**Try it**
Copy the entries character for character.

Exercise data Block Start

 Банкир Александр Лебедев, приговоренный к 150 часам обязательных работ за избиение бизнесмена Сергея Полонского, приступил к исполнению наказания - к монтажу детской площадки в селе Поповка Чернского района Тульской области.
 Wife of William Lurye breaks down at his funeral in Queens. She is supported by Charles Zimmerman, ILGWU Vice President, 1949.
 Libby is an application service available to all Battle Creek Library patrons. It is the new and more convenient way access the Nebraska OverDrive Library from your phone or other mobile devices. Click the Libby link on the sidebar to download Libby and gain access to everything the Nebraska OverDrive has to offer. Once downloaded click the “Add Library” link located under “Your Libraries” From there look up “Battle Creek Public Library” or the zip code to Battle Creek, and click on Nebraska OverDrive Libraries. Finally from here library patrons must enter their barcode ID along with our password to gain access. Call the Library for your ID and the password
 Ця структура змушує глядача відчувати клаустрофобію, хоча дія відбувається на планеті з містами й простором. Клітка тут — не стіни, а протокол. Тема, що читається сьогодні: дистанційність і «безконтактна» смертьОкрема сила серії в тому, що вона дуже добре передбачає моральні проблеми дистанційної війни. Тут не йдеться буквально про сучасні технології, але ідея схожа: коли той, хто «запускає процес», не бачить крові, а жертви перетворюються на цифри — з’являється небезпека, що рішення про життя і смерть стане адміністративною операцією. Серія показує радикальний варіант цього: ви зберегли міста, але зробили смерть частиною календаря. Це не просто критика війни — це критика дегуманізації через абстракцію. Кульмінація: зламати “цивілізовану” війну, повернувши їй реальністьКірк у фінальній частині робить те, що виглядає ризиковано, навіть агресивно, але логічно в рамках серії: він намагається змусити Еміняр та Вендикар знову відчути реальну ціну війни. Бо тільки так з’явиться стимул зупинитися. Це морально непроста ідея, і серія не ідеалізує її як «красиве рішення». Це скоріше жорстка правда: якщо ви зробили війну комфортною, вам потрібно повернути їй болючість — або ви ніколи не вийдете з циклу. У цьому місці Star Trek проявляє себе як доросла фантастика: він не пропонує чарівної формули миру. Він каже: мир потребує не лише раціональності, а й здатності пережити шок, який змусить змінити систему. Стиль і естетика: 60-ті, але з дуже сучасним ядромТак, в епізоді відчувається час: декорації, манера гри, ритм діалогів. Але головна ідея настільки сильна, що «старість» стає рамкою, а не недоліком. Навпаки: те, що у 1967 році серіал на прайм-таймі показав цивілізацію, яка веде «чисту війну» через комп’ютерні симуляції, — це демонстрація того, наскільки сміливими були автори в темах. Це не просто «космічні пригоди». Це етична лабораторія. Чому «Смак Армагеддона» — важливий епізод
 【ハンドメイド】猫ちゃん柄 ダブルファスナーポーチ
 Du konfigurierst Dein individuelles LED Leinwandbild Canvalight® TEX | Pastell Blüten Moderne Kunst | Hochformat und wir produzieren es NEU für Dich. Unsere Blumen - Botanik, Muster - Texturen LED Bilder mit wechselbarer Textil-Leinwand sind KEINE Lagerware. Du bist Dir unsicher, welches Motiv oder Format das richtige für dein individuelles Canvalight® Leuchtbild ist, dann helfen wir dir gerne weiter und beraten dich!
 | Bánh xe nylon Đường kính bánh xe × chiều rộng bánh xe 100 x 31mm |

Exercise data Block End

**Task answer**
 Банкир Александр Лебедев, приговоренный к 150 часам обязательных работ за избиение бизнесмена Сергея Полонского, приступил к исполнению наказания - к монтажу детской площадки в селе Поповка Чернского района Тульской области.
 Wife of William Lurye breaks down at his funeral in Queens. She is supported by Charles Zimmerman, ILGWU Vice President, 1949.
 Libby is an application service available to all Battle Creek Library patrons. It is the new and more convenient way access the Nebraska OverDrive Library from your phone or other mobile devices. Click the Libby link on the sidebar to download Libby and gain access to everything the Nebraska OverDrive has to offer. Once downloaded click the “Add Library” link located under “Your Libraries” From there look up “Battle Creek Public Library” or the zip code to Battle Creek, and click on Nebraska OverDrive Libraries. Finally from here library patrons must enter their barcode ID along with our password to gain access. Call the Library for your ID and the password
 Ця структура змушує глядача відчувати клаустрофобію, хоча дія відбувається на планеті з містами й простором. Клітка тут — не стіни, а протокол. Тема, що читається сьогодні: дистанційність і «безконтактна» смертьОкрема сила серії в тому, що вона дуже добре передбачає моральні проблеми дистанційної війни. Тут не йдеться буквально про сучасні технології, але ідея схожа: коли той, хто «запускає процес», не бачить крові, а жертви перетворюються на цифри — з’являється небезпека, що рішення про життя і смерть стане адміністративною операцією. Серія показує радикальний варіант цього: ви зберегли міста, але зробили смерть частиною календаря. Це не просто критика війни — це критика дегуманізації через абстракцію. Кульмінація: зламати “цивілізовану” війну, повернувши їй реальністьКірк у фінальній частині робить те, що виглядає ризиковано, навіть агресивно, але логічно в рамках серії: він намагається змусити Еміняр та Вендикар знову відчути реальну ціну війни. Бо тільки так з’явиться стимул зупинитися. Це морально непроста ідея, і серія не ідеалізує її як «красиве рішення». Це скоріше жорстка правда: якщо ви зробили війну комфортною, вам потрібно повернути їй болючість — або ви ніколи не вийдете з циклу. У цьому місці Star Trek проявляє себе як доросла фантастика: він не пропонує чарівної формули миру. Він каже: мир потребує не лише раціональності, а й здатності пережити шок, який змусить змінити систему. Стиль і естетика: 60-ті, але з дуже сучасним ядромТак, в епізоді відчувається час: декорації, манера гри, ритм діалогів. Але головна ідея настільки сильна, що «старість» стає рамкою, а не недоліком. Навпаки: те, що у 1967 році серіал на прайм-таймі показав цивілізацію, яка веде «чисту війну» через комп’ютерні симуляції, — це демонстрація того, наскільки сміливими були автори в темах. Це не просто «космічні пригоди». Це етична лабораторія. Чому «Смак Армагеддона» — важливий епізод
 【ハンドメイド】猫ちゃん柄 ダブルファスナーポーチ
 Du konfigurierst Dein individuelles LED Leinwandbild Canvalight® TEX | Pastell Blüten Moderne Kunst | Hochformat und wir produzieren es NEU für Dich. Unsere Blumen - Botanik, Muster - Texturen LED Bilder mit wechselbarer Textil-Leinwand sind KEINE Lagerware. Du bist Dir unsicher, welches Motiv oder Format das richtige für dein individuelles Canvalight® Leuchtbild ist, dann helfen wir dir gerne weiter und beraten dich!
 | Bánh xe nylon Đường kính bánh xe × chiều rộng bánh xe 100 x 31mm |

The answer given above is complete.